An opportunity for teachers and students to check for understanding of new concepts, contents and skills. Formative assessment provides teachers with feedback on the effectiveness of their teaching, and helps teachers identify the "next steps" that students need to undertake. Formative assessments are "in-process" assessments.
- Meaningful Assessment
"In a Mastery Learning System, formative assessments play a critical role in generating the information and insights regarding what each student needs in order to move along the learning progression and demonstrate mastery of a set of skills or concepts.
At reDesign, we identify two key types of formative assessments: the quick checks for understanding that take place during or at the end of a lesson (e.g. conferences, thumbs up/down, exit slip), and task-related formative assessments or ""formative tasks"" that are checks for understanding that are layered into the curriculum that build toward the culminating summative assessment. These checks for understanding live at a higher level on Bloom's Taxonomy in the sense that they don't just check for recall/comprehension, they check for the capacity to apply and synthesize new learning application (e.g. cite evidence from the text).

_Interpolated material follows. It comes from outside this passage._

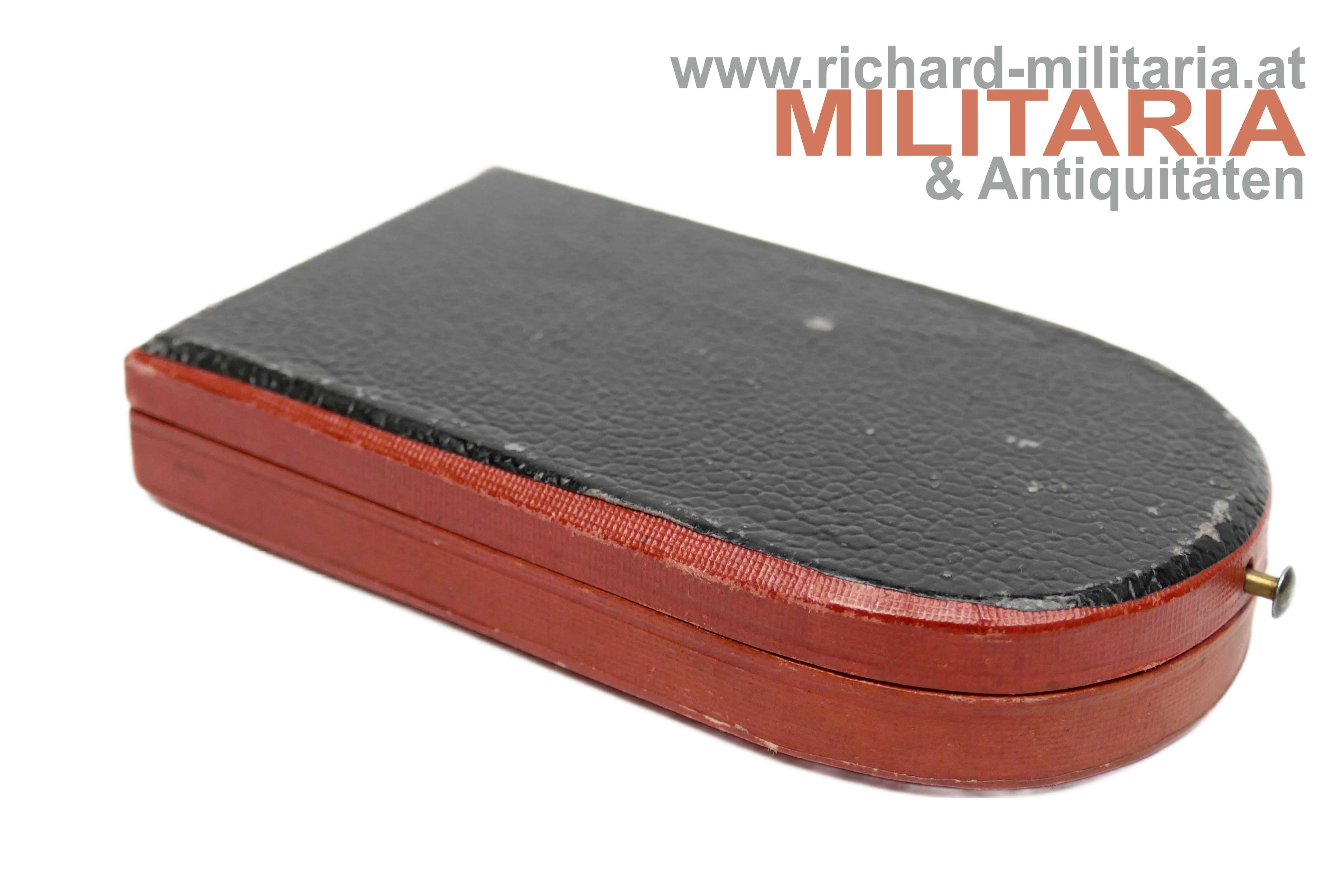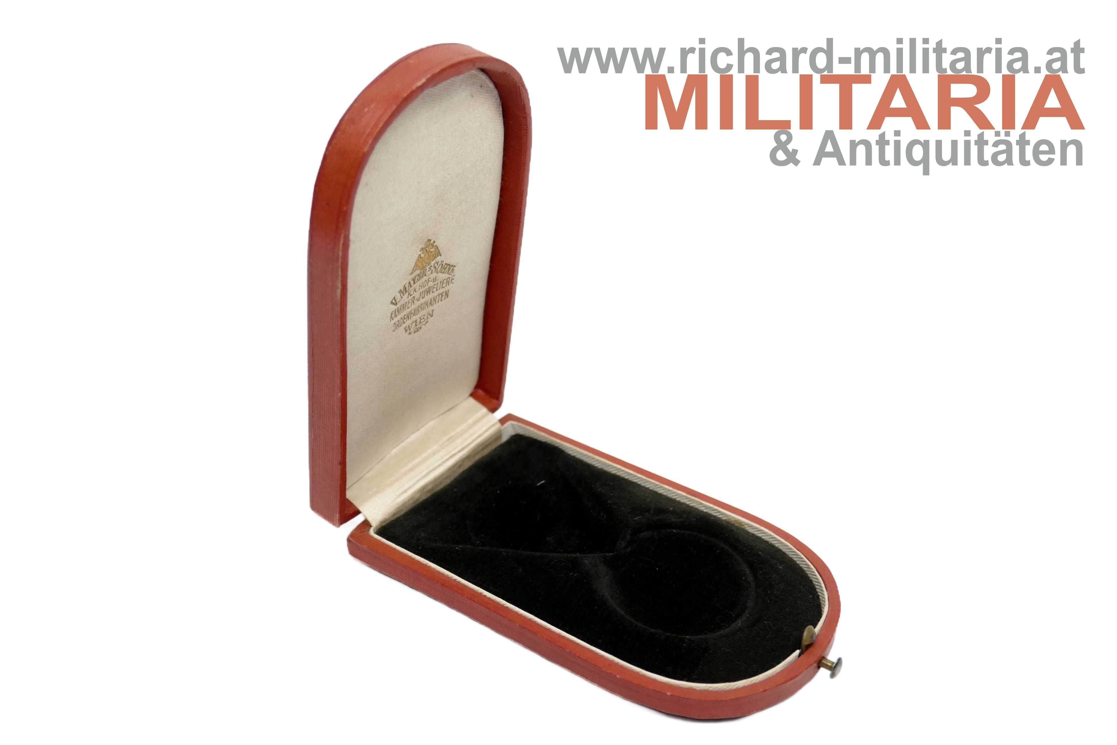k.u.k. Ehrenmedaille für vierzigjährige treue Dienste mit Etui; Bronze; am originalen roten Band für Beamte und Zivilpersonen; neutral gehaltenes rotes Etui vom Hersteller "V. Mayers Söhne"; Medaille und Band passen perfekt in die Einlage; Etui in guter Erhaltung;

Examples of these formative tasks are built into reDesign's Performance Task Guides (http://www.redesignu.org/design-lab/performance-tasks).
Consider providing an exemplar instructional unit for your teaching team that demonstrates how you would like to see formative assessment embedded throughout each unit of study. This is an opportunity for you to model, and provide a rationale for, the frequency, placement and formats of the different types of formative assessments used -- whether quick checks or formative tasks.
It may also be helpful to put into place several school-wide formative assessment types and/or protocols that students will know to expect, such as a daily exit slip, or a certain type of gateway formative assessment that always precedes a performance task and unlocks a student's access ""just in time.""
Finally, as with diagnostic assessments, if your teachers create their own formative assessments, try to set up a school-wide infrastructure for storing and sharing assessment banks so that this work will not have to be duplicated in the future.
Explore the Learning Activities section of our Design Lab to identify checks for understanding, reflection and synthesis activities that can help you gather critical, immediate data about student learning."
Tips for a Short Implementation Time-Line
Formative assessment is difficult to do well. In a perfect world, it would occur every day. In a short timeline it's important to support staff in developing the skills to provide students with formative assessment opportunities, AND to collect and analyze the data from the assessments as part of their day-to-day planning.